BEGIN

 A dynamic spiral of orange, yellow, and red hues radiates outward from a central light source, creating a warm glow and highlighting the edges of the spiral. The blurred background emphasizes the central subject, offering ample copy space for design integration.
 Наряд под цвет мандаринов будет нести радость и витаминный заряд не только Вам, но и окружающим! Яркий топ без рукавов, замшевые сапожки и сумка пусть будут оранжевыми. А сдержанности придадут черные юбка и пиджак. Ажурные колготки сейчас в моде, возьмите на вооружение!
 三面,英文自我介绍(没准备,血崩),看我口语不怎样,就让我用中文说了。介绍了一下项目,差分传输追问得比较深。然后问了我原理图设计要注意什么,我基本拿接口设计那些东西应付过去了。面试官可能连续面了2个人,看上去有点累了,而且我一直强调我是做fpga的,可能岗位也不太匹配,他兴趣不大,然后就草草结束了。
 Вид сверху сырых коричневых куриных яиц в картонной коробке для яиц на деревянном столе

END
BEGIN

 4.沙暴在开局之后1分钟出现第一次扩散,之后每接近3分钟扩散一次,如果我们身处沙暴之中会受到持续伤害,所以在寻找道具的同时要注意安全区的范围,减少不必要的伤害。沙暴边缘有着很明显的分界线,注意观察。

END

[TASK STATEMENT]
Look above for the line with "Наряд под цвет" and the line with "Вид сверху сырых". Retype those two lines and every line between them exactly, adding nothing.

[RESPONSE TO THIS TASK]
 Наряд под цвет мандаринов будет нести радость и витаминный заряд не только Вам, но и окружающим! Яркий топ без рукавов, замшевые сапожки и сумка пусть будут оранжевыми. А сдержанности придадут черные юбка и пиджак. Ажурные колготки сейчас в моде, возьмите на вооружение!
 三面,英文自我介绍(没准备,血崩),看我口语不怎样,就让我用中文说了。介绍了一下项目,差分传输追问得比较深。然后问了我原理图设计要注意什么,我基本拿接口设计那些东西应付过去了。面试官可能连续面了2个人,看上去有点累了,而且我一直强调我是做fpga的,可能岗位也不太匹配,他兴趣不大,然后就草草结束了。
 Вид сверху сырых коричневых куриных яиц в картонной коробке для яиц на деревянном столе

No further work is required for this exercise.